Codrin Bălan#Emissary — 2346
During the short break, Codrin helped True Name compose her letter and, after he sent it, simply sat with her in quiet. The skunk remained still throughout, sitting on the edge of the bed and staring down at her knees. She looked small, and some part of em wanted to sit beside her and try to comfort her, but for the emotional and social distance between them, as well as her still jittery form.
And so ey simply sat at her desk and watched her manage her breathing, keep her composure, meditate, or whatever it was that an Odist unbound did.
Finally, ey reached out to offer a hand to the skunk to help her stand. “It’s time we start back, True Name.”
She sighed, nodded, and waved eir hand away, standing on her own volition. “Thank you, Mx. Bălan. I appreciate your help.”
Ey nodded, hesitated as ey composed eir question, and then asked, “I don’t wish to overstep my bounds, here, and will accept no as an answer, but can you tell me what exactly it was that Why Ask Questions meant by “I cannot feel em”?”

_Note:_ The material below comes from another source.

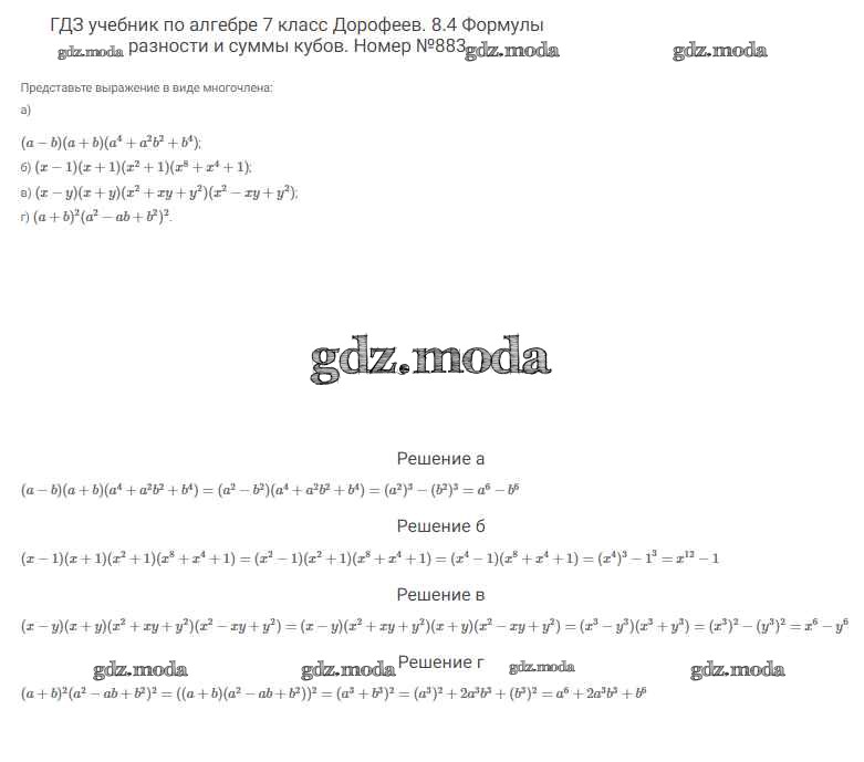 ОТВЕТ на задание № 883 Учебник по Алгебре 7 класс Дорофеев Академический школьный учебник

After a moment swaying, the skunk straightened up and brushed her paws down over her blouse, straightening some imagined crease. “You ask because of the pronoun?”
Ey nodded.
“I cannot tell you,” she said. Looking steadily at em, she fixed a kind and competent expression in place. “And that I cannot should explain enough.”
Codrin blinked, clutched eir notebook closer to eir chest, and bowed to her. “Of course, True Name. Shall we fetch Why Ask Questions?”
The other Odist was not to be found in her room. She had apparently remained where she had been sitting before, arms crossed on the edge of the table with her head resting on them. Every time a shift in her form brought a jolt or an uncomfortable squirm, and yet she did not lift her head, even when True Name knelt down beside her to speak in hushed tones.
The rest of the delegates arrived shortly after, Tycho and Stolon both looking quite happy. There was a moment’s shuffling as Tycho, Sarah, and Codrin were shifted down by one so that True Name could remain sitting by her cocladist.
Even so, the meeting was slow to get started. There were a few questions asked by both sides about history, but they all felt very careful, well constructed, and circumspect. It was plagued by silences and subtle glances to where Answers Will Not Help rested her head on the table.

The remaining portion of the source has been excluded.